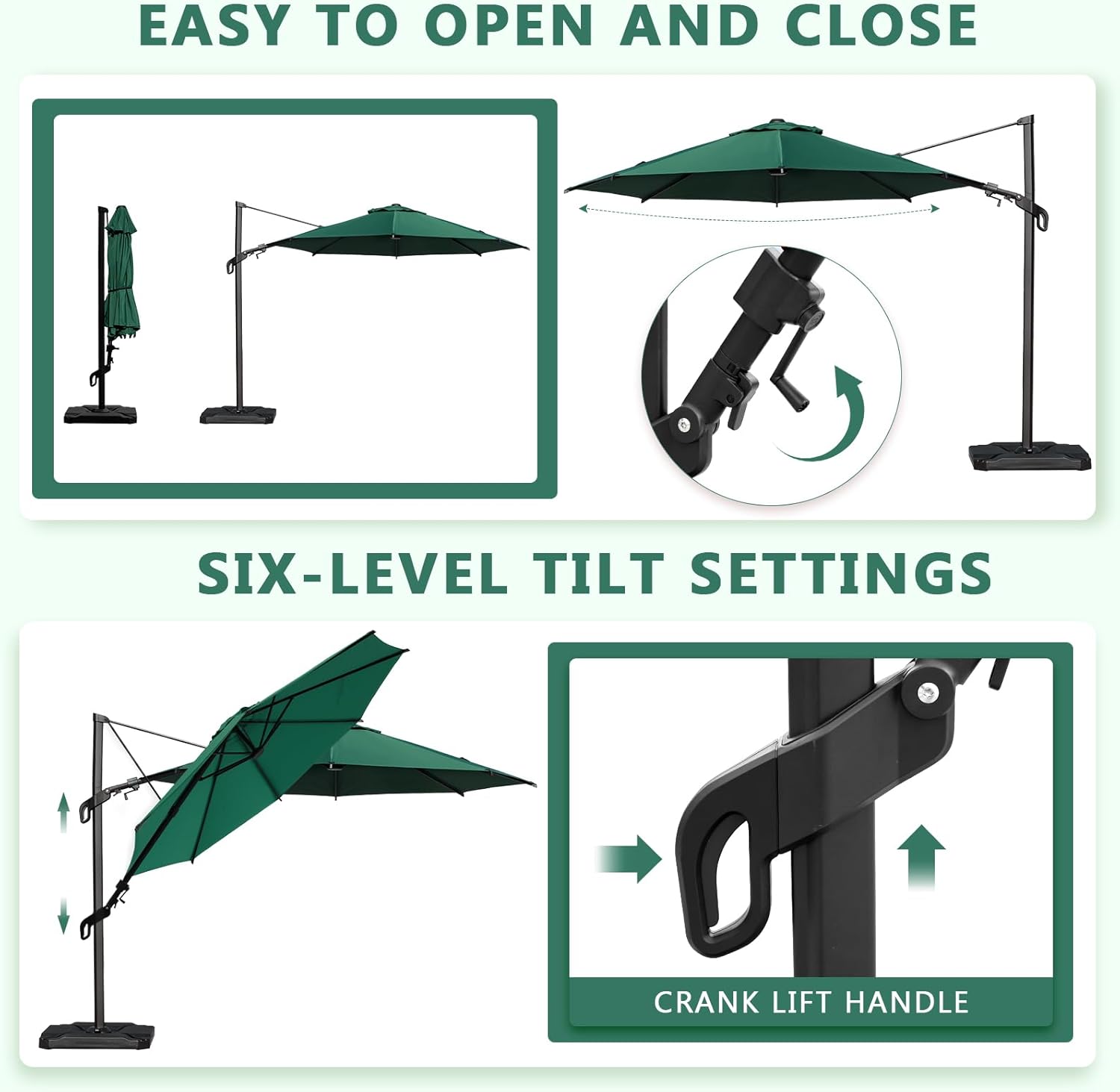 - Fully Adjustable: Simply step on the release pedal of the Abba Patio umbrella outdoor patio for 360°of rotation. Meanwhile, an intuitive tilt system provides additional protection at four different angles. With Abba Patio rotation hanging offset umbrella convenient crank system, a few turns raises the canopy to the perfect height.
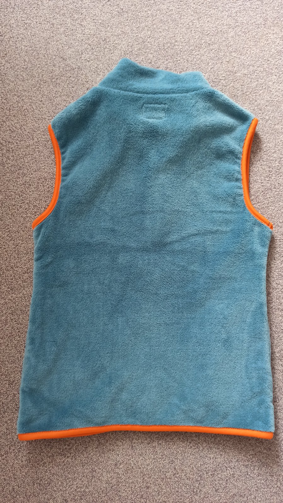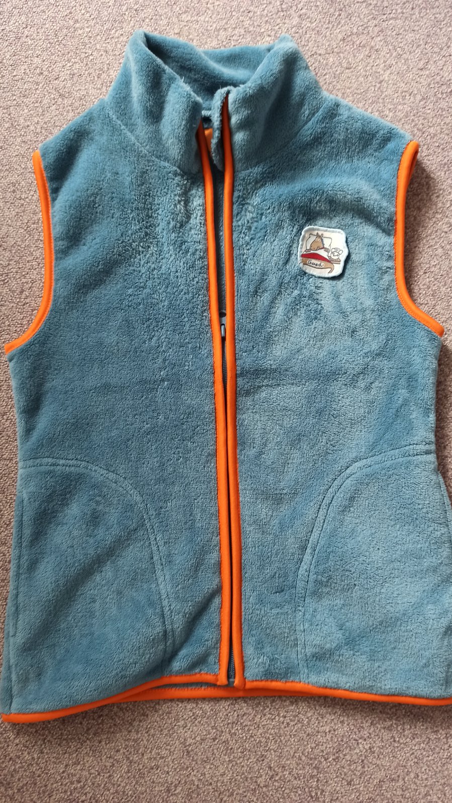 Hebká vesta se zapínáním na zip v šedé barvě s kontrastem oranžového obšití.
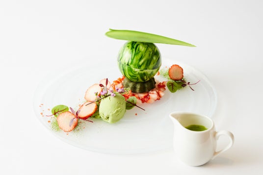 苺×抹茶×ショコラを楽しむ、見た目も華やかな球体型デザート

==

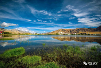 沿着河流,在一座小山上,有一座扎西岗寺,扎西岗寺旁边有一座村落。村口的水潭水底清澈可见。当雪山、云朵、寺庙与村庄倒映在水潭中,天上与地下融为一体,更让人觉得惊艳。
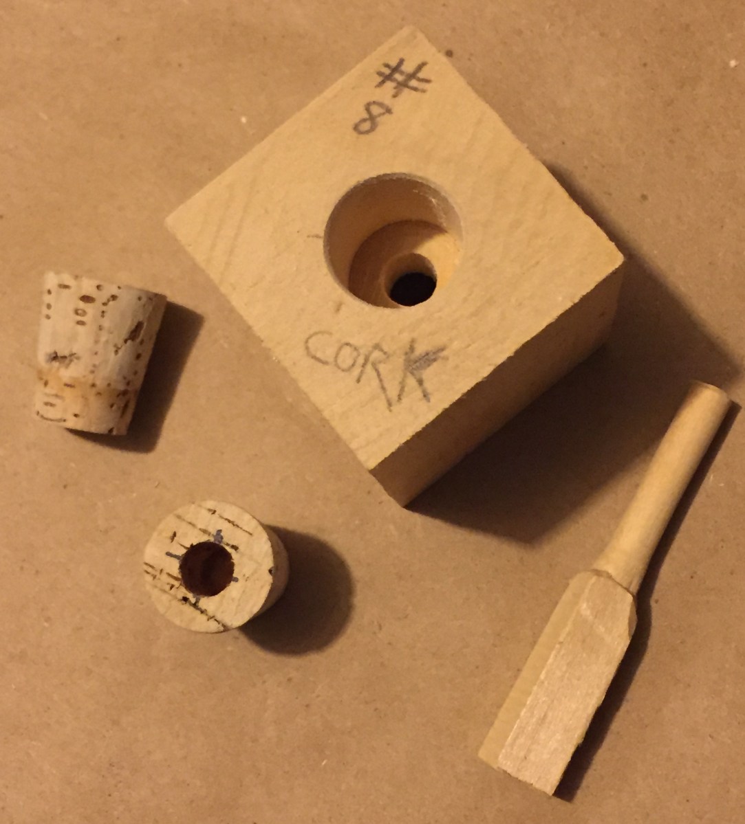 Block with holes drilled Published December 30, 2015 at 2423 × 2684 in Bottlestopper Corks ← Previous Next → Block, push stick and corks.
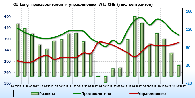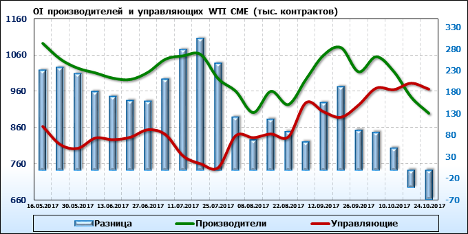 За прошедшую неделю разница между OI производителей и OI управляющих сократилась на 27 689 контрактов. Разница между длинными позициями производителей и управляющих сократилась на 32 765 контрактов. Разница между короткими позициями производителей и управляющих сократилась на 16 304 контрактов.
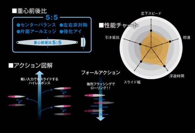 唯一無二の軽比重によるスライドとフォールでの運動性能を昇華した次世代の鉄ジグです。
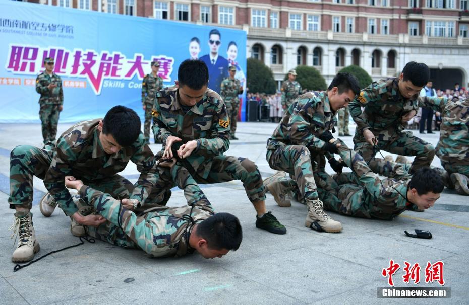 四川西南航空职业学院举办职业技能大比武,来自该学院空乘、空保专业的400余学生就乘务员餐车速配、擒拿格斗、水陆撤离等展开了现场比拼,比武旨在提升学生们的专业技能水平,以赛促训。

Exercise instructions: In the data above, find the line with "- Fully Adjustable: Simply" and the line with "苺×抹茶×ショコラを楽しむ、見た目も華やかな球体型デザート". Please copy exactly those two lines and every line between them, but not the pictures.

Your solution:
 - Fully Adjustable: Simply step on the release pedal of the Abba Patio umbrella outdoor patio for 360°of rotation. Meanwhile, an intuitive tilt system provides additional protection at four different angles. With Abba Patio rotation hanging offset umbrella convenient crank system, a few turns raises the canopy to the perfect height.
 Hebká vesta se zapínáním na zip v šedé barvě s kontrastem oranžového obšití.
 苺×抹茶×ショコラを楽しむ、見た目も華やかな球体型デザート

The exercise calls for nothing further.